The effect of heart rate (HR) on left ventricular (LV) mechanical dyssynchrony has not been studied by phase analysis of myocardial perfusion imaging and has yielded conflicting results by echocardiography. We measured indexes of LV dyssynchrony by automated analysis of gated single-photon emission computed tomography in 140 patients with end-stage renal disease (ESRD) and 133 subjects with normal renal function (control group). Patients with abnormal perfusion pattern or QRS duration >120 ms were excluded. HR at time of acquisition of gated images was recorded. LV ejection fraction (EF), volumes, mass, and 2 indexes of dyssynchrony, phase SD and bandwidth, were derived. Almost 50% of patients in each group had an abnormal LVEF (<50%).

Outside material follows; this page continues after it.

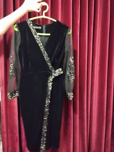 1) Черное коктейльное платье миди с V‑образным вырезом и акцентной драпировкой на талии. Материал — бархат. Полупрозрачные рукава 3/4 из сетки с вышивкой бусинами/пайетками. По диагонали и на манжетах — расшитые блестящие декоративные полосы. Застежка на молнию сзади.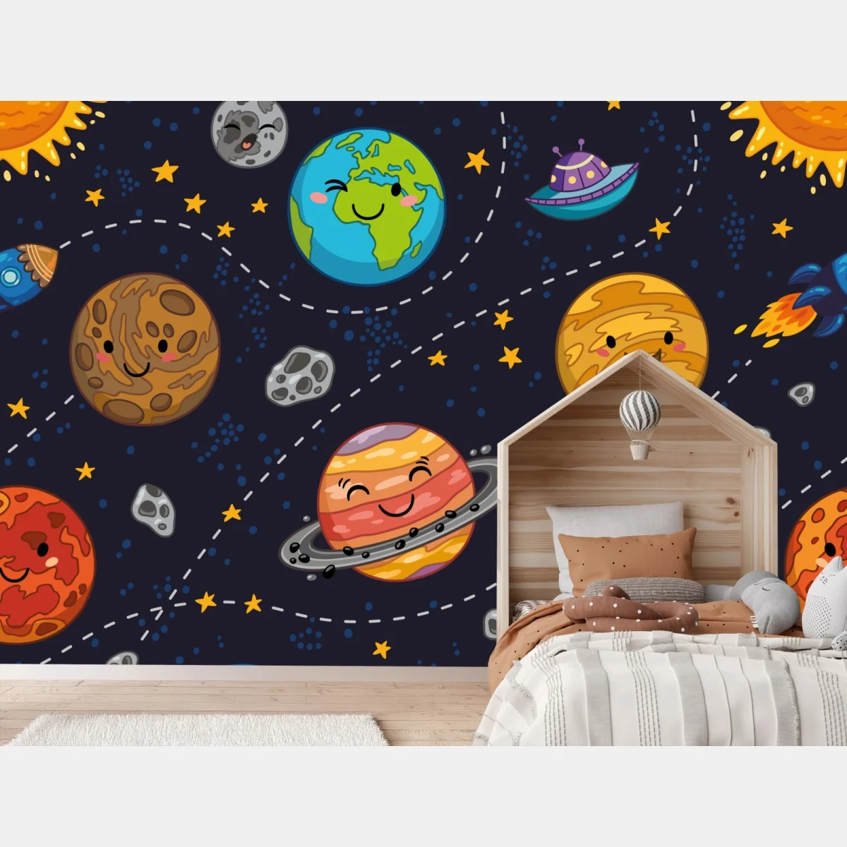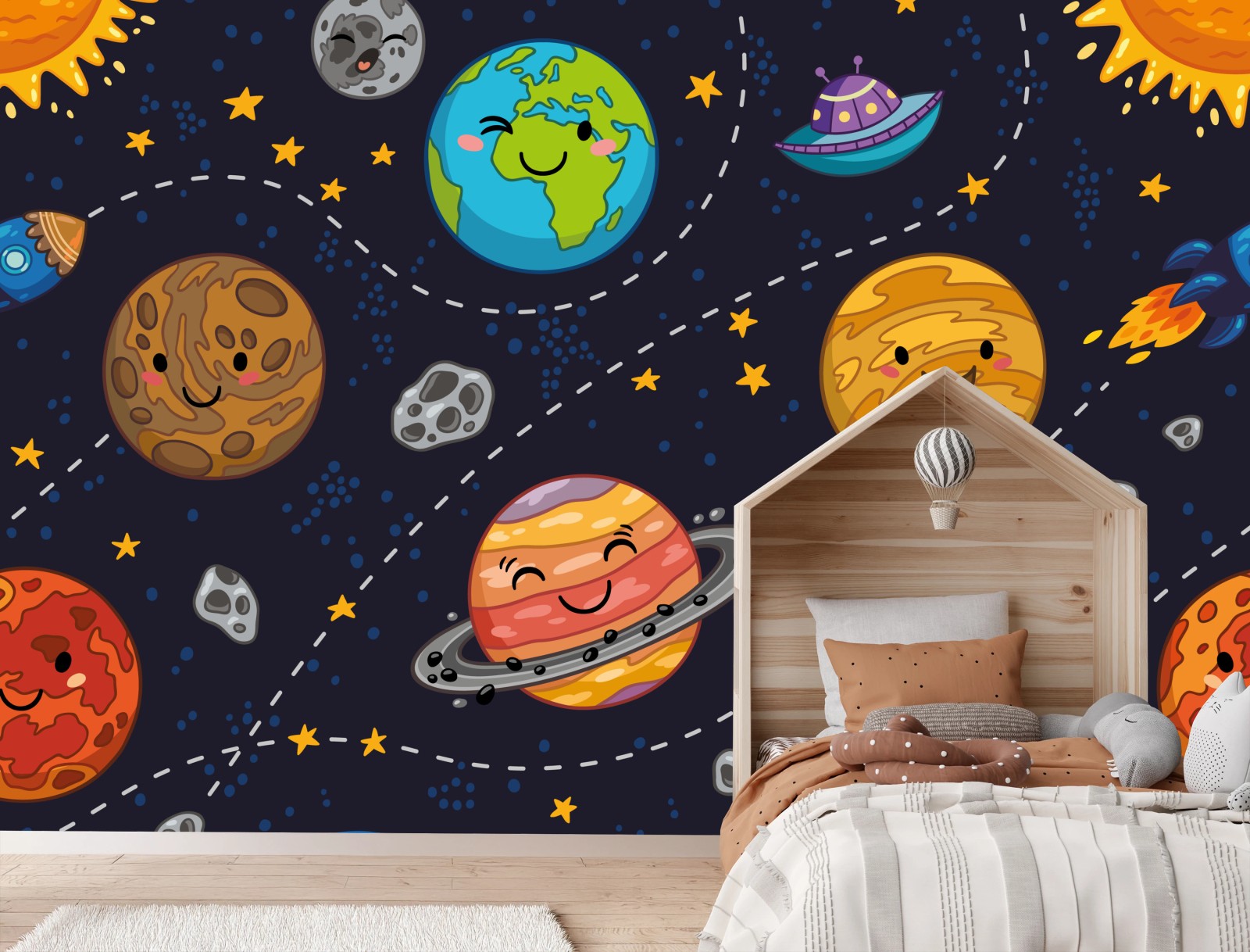 Fototapete Lächelnde planeten im verspielten weltraummuster

HR at rest ranged from 48 to 113 beats/min (75 ± 13). Patients with abnormal LVEF had a higher phase SD (30 ± 13° vs 22 ± 11° and 28 ± 16° vs 15 ± 6° for the ESRD and control groups, respectively, p <0.001 each) and higher histographic bandwidth (88 ± 44° vs 62 ± 33° and 80 ± 49° vs 43 ± 14° for the ESRD and control groups, p <0.001 each). Patients with ESRD and normal LVEF had higher SD and bandwidth than the control group (22 ± 11° vs 15 ± 6° and 62 ± 33° vs 43 ± 14°, respectively, p <0.001 each). The control and ESRD groups were divided into tertiles based on HR. The phase SD and bandwidth were similar in the first (slowest HR) and third (highest HR) tertiles in every group (p = NS). There were no significant correlations between phase SD or bandwidth and HR in either group. In conclusion, within the HR range examined in this cross-sectional study, there was no relation between HR at rest and LV dyssynchrony.

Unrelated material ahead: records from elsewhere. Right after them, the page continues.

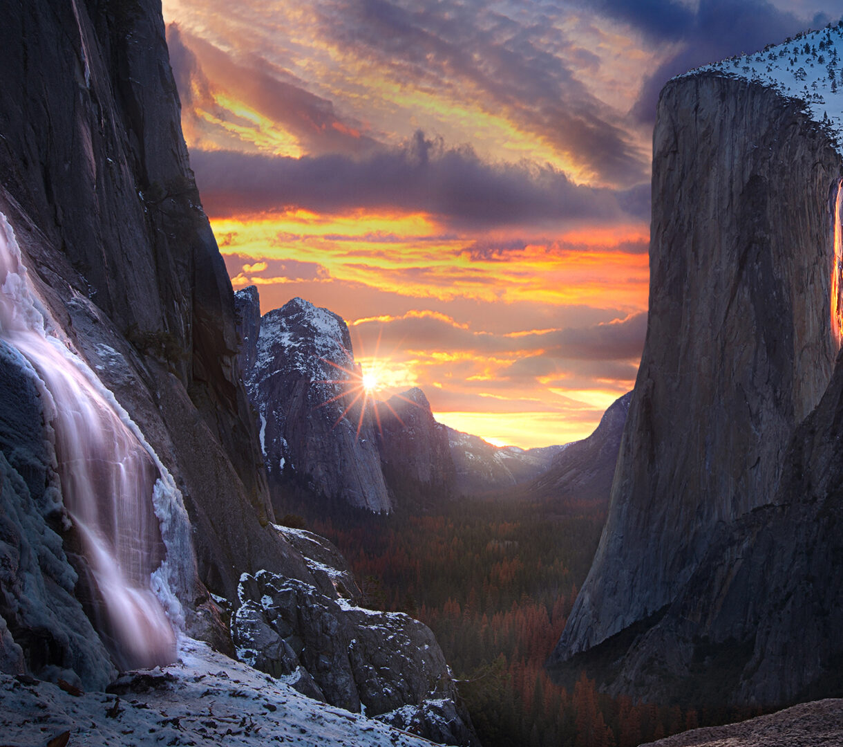 A breathtaking 4K wallpaper captures the iconic Firefall on Horsetail Fall in Yosemite National Park, set amidst towering cliffs and a vast valley at sunset. The striking Horsetail Fall glows with an ethereal orange Firefall effect, brilliantly illuminated by the sunset's golden light cascading through the dramatic valley.
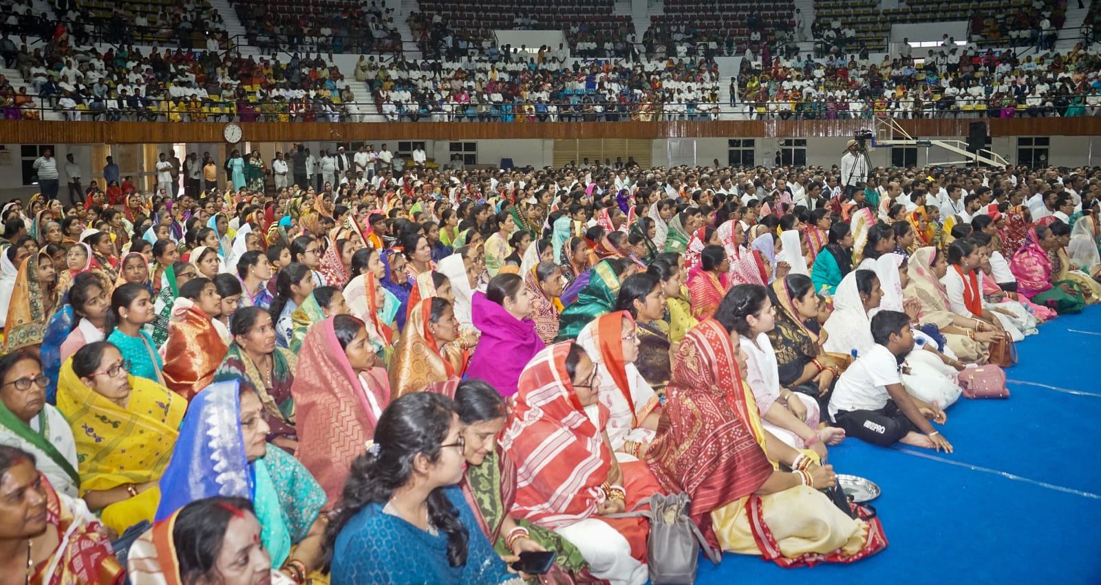 Followers of Sri Aurobindo participate in religious congregation at JN Indoor Stadium, Cuttack
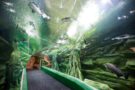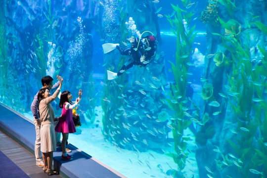 서울 잠실 제2롯데월드 저층부 롯데월드몰이 최근 차례로 문을 열었다. 초고층 타워를 제외하고 연면적 42만 8934㎡(12만 9753평) 규모의 롯데월드몰 중 대표적 테마파크 아이템은 '아쿠아리움'. 롯데월드가 개장 25년 만에 서울에 선보인 새로운 어뮤즈먼트 파크다. 잠실 제2롯데월드 엔터테인먼트 동에 위치한 아쿠아리움의 규모는 매머드급이다. 지하 두 개 층 수족관의 연면적은 축구장 1.5개 크기. 650종의 강과 바다 생물 5만5000여 마리가 13개 테마로 전시 중이다. 관람 동선 850m를 걷는 데는 두 시간이 족히 걸린다. 국내 도심 수족관 중에서는 가장 크다. 코엑스 아쿠아리움의 2배, 63빌딩 수족관의 7배에 해당된다.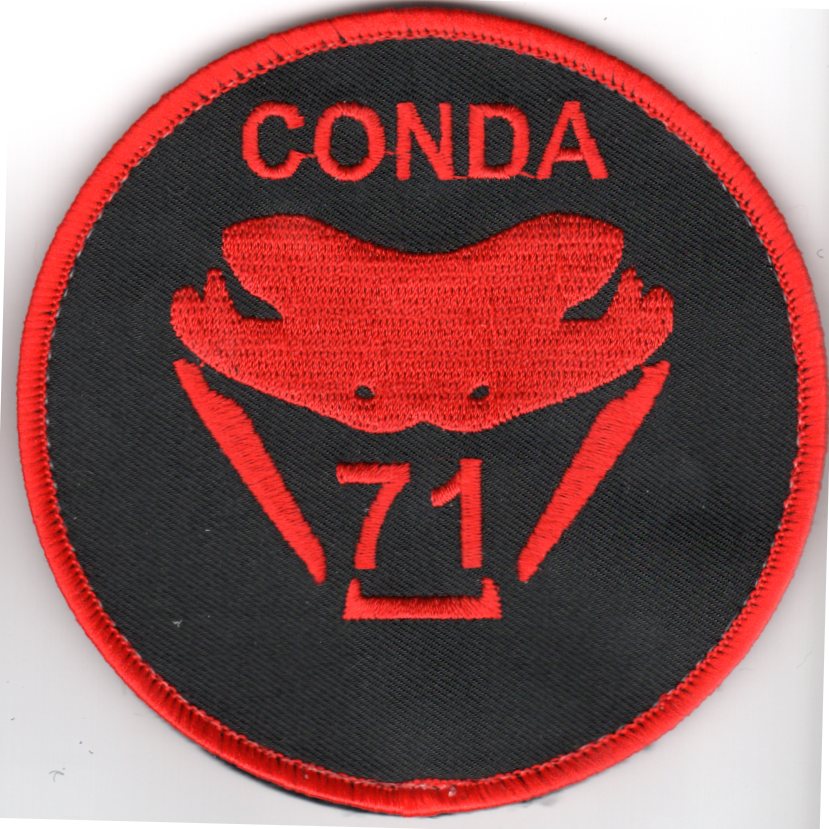The 14th Flying Training Wing is a wing of the United States Air Force based out of Columbus Air Force Base, Mississippi. The 14th Operations Group and its six squadrons are responsible for the 52-week Specialized Undergraduate Pilot Training (SUPT) mission. This is the ‘CONDA 71’ Class patch created for the 14th Flying Training Wing for when the pilots SOLO, I believe. This patch has velcro attached.
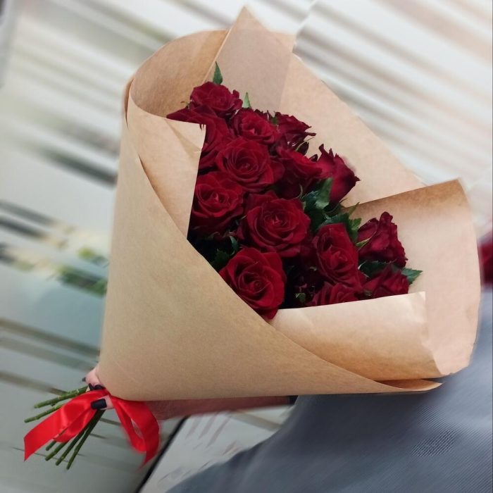 Лента атласная – 1 шт.Крафт – 3 шт.Роза россия красная 60 см – 15 шт.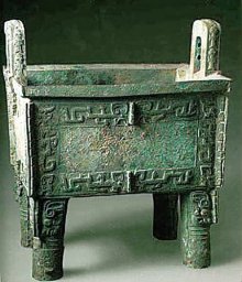 后母戊鼎,1939年從王陵區(qū)出土,通高1.33米,長1.10米,寬0.78米,重達(dá)875公斤,是世界上已發(fā)掘的最大的一件青銅器,是我們的國寶。如此大的重器,澆鑄起來特別困難。據(jù)估計制造這樣的重器需要明確的分工和協(xié)作,從煉銅的澆鑄,從制模到拆范需要130多人同時施工。青銅器中,銅、錫、鉛的含量比例,與現(xiàn)代所鑄青銅中銅、錫、鉛的比例基本相同中,可以想象當(dāng)時治煉技術(shù)是何等的高超。鼎最開始的作用只是一口煮肉用的鍋,到后來,隨著生產(chǎn)力的發(fā)展,逐漸變成了權(quán)力的象征。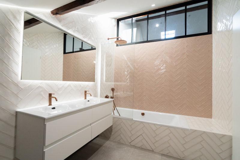 Le projet, intégrant une liaison avec le nouveau volume à investir, remanie les circulations internes, la distribution des pièces La rénovation de l'appartement propose de plus grands espaces cuisine, suite parentale....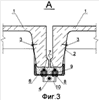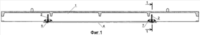 Сущность изобретения поясняется чертежами, где на фиг.1 изображена схема устройства, смонтированного на продольном ребре усиливаемой плиты, на фиг.2 – разрез 1-1 по фиг.1 и на фиг.3 – узел А на фиг.2.

The impact of heart rate (HR) on dyssynchrony is not known because almost all studies, regardless of imaging method, are performed at rest. It is conceivable that the degree of dyssynchrony at faster HR might be different from dyssynchrony at lower HR because of changes in left ventricular (LV) volumes and ischemia. This cross-sectional study was designed to examine the relation between dyssynchrony and HR.
Methods
The study population consisted of patients referred for stress myocardial perfusion imaging (MPI) for clinical indications from August 2008 through May 2009. Inclusion criteria were (1) age >18 years, (2) normal QRS duration on 12-lead surface electrocardiogram at time of study, (3) normal MPI finding at rest or during stress (exercise or pharmacologic), and (4) end-stage renal disease (ESRD) on dialysis. Pregnant women, patients with hypertrophic cardiomyopathy or other congenital heart disease, left or right bundle branch blocking, ventricular pacing, atrial fibrillation, and any perfusion abnormality (fixed or reversible) were excluded. We also identified consecutive patients with a glomerular filtration rate >60 ml/min/m 2 within the same time frame and who otherwise met the same inclusion criteria and served as a control group. Demographics and other pertinent data were extracted through chart reviews.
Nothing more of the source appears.